Rhode Island Attorney General Pushing For A State-Level CFAA That Will Turn Researchers, Whistleblowers Into Criminals
from the 'unauthorized-access'-isn't-always-a-bad-thing... dept
We recently wrote about the Rhode Island attorney general's "cybercrime" bill -- a legislative proposal that seeks to address cyberbullying, revenge porn, etc. with a bunch of broadly -- and poorly -- written clauses. Two negative comments written months apart could be viewed as "cyber-harassment" under the law, separating it from the sustained pattern of abuse that one normally considers "harassment."
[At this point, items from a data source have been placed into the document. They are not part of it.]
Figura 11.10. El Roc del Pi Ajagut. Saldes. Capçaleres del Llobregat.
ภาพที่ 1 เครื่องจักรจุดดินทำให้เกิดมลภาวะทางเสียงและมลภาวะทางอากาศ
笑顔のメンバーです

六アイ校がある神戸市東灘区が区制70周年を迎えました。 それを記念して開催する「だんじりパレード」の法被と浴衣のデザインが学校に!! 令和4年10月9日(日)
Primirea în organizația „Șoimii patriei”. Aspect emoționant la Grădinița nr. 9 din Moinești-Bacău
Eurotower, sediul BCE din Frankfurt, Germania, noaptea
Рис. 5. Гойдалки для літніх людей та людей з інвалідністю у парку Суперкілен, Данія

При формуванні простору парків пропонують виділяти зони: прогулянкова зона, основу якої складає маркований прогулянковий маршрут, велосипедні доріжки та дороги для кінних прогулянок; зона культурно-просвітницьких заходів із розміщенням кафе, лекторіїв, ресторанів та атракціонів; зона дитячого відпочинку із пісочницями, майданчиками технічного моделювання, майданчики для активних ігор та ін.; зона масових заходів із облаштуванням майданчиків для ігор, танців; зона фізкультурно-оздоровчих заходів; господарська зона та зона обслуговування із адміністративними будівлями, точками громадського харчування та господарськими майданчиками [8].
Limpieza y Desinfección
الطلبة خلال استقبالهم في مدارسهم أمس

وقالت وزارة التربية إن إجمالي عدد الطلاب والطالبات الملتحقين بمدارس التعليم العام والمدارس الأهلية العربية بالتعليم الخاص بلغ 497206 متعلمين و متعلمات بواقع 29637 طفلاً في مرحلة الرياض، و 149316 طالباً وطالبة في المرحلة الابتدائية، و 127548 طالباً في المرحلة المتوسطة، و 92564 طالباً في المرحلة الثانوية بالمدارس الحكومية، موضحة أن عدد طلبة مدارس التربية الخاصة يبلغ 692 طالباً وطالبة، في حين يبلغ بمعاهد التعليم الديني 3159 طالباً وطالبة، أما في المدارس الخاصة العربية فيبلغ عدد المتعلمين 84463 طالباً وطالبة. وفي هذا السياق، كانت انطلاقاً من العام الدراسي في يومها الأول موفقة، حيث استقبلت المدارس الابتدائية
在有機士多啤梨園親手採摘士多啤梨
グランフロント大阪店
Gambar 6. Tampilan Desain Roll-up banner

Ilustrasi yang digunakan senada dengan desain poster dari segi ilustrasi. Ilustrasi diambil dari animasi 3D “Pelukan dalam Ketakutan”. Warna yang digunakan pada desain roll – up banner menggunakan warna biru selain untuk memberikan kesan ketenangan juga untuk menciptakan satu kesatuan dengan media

In addition, the proposed law would criminalize "non-consensual communications." If the sender does not obtain the recipient's permission to send a message, it's a criminal act if the recipient finds the message to be distressing -- which could mean anything from emailing explicit threats to posting a negative comment on someone's Facebook page.
But that's not Attorney General Peter F. Kilmartin's only bad idea. It appears he's behind another legislative proposal -- one that would amend the state's computer crime laws into something more closely resembling the catastrophic federal equivalent: the CFAA.
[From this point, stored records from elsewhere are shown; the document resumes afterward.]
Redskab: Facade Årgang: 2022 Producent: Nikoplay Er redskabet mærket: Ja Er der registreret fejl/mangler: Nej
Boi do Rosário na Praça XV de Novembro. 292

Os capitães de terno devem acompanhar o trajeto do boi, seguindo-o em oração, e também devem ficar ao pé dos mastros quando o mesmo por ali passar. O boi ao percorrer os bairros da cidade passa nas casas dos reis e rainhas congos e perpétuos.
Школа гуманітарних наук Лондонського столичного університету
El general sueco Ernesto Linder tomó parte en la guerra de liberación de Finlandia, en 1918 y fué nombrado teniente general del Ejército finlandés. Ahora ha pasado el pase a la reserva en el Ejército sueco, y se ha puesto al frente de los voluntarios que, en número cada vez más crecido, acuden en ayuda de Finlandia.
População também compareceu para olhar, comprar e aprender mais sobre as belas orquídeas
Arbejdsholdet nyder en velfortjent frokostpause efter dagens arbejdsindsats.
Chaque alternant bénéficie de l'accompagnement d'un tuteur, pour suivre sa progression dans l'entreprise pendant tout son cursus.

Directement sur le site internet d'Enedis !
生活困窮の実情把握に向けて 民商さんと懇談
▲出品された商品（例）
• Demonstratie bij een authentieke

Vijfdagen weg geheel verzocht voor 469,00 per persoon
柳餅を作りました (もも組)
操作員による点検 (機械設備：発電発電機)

Here's the worst part of the suggested amendments:
Whoever intentionally and without authorization or in excess of one's authorization, directly or indirectly accesses a computer, computer program, computer system, or computer network with the intent to either view, obtain, copy, print or download any confidential information contained in or stored on such computer, computer program, computer system, or computer network, shall be guilty of a felony and shall be subject to the penalties set forth in §11-52-5.This would make the following Google search illegal:
filetype:pdf site:*.gov "law enforcement use only"Anything deemed "confidential information" -- if accessed by people not "authorized" to do so -- falls under the protection of this legislation, even if it can be accessed by any member of the public without actually "breaking into" a company/government/etc. server.
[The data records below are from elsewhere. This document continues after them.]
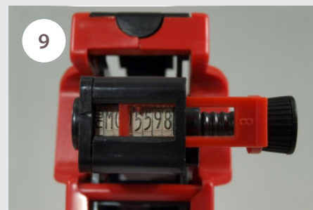
9 Táhlým pohybem (vysunutím a zasunutím) číselníku, nastavíme pozici a kolečkem určíme číslici, která má být natištěna na etiketě.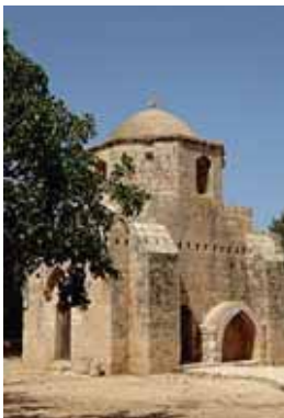
Церковь святого Маманта, Сотира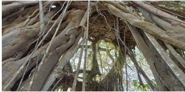
Gambar 4 : kondisi sisa tembok bagian atas benteng (sumber : dokumentasi penelitian, 2023)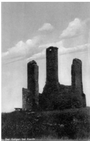
■ Kąty Wrocławskie - szubienica w 1942 r.

Miasta i wszyscy mieszkańcy żeby obejrzeć egzekucję, okazało się, że zapomniano sznura. Postanowiono wysłać do miasta po powrót samego skazańca. Jakież musiało być zdziwienie, gdy po wielu godzinach oczekiwania na złoczyńcę, ten nie powrócił i nigdy już w Kątach się nie pojawił. Na początku XIX wieku przeprowadzono remont obiektu z wykorzystaniem cegły z rozbieranych w tym czasie murów miejskich. Od tamtej pory nie wykonano z pewnością żadnych wyroków, a w latach 50-tych XX wieku szubienicę rozebrano.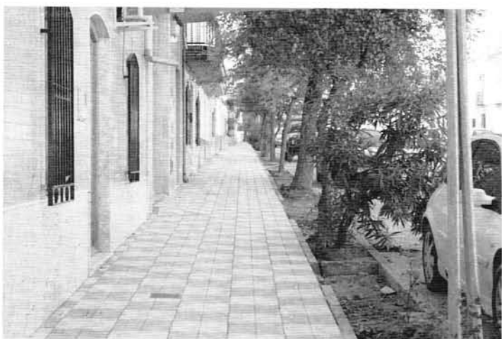
Embaldosado de un 40 % de las calles de Villatorres.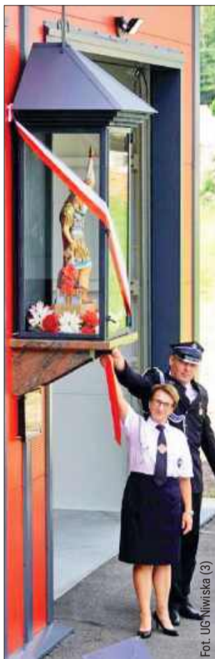
Figura św. Floriana została poświęcona i odsłonięta podczas uroczystości.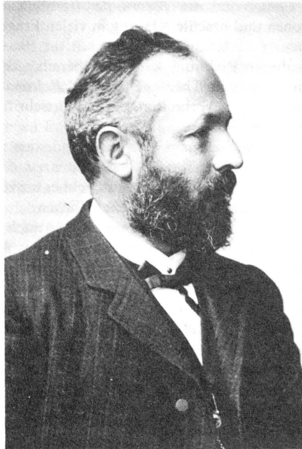
Georg Cantor (1845–1918)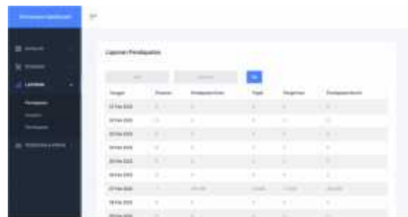
Gambar 17 Halaman Laporan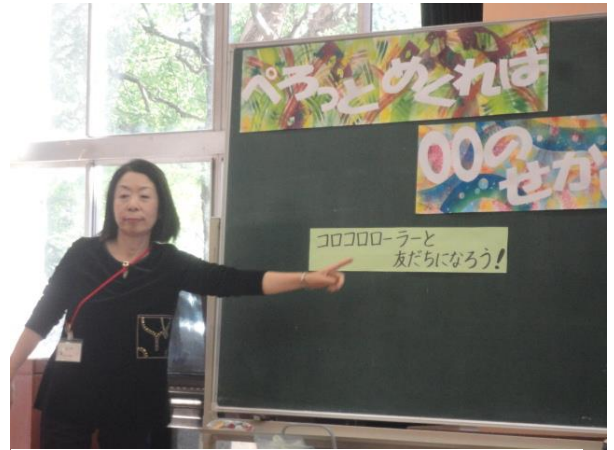
ココロローラーと友だちになろう！

The definition of "confidential information" makes the legislation even more problematic.
"Confidential Information" means data that is protected from disclosure on a computer, computer program, computer system or computer network and that the computer, computer program, computer system or computer network does not transmit or disclose unless initiated by the owner of such computer, computer program, computer system or computer network.Something accessible by a Google search is not "protected from disclosure" by any stretch of the imagination. But this phrase, "unless initiated by the owner of such computer…," makes it illegal to obtain documents not otherwise protected. Uploading a sensitive document to a public-facing website crawled by Google is stupid and the person doing the uploading should take any "unauthorized access" as a learning experience. But under the law, it could successfully be argued that the uploading of a document to a publicly-accessible website is not the same thing as "initiating transmission."
The proposal makes several exemptions for service providers, software manufacturers and (no kidding) advertisers, so that their trawling of confidential information in the course of their businesses won't be viewed as criminal acts. But what it doesn't do is carve out an exception for security researchers, who often access confidential information during the course of their work.
In this form, the legislation is dangerous. It will criminalize security research and punish citizens for the stupidity of others. On top of that, the law would pretty much turn every whistleblower into a criminal by treating the access of confidential information as a crime, no matter what the circumstances are. Running it through an editing process involving politicians surrounded by "cyberwar" hype is unlikely to improve it.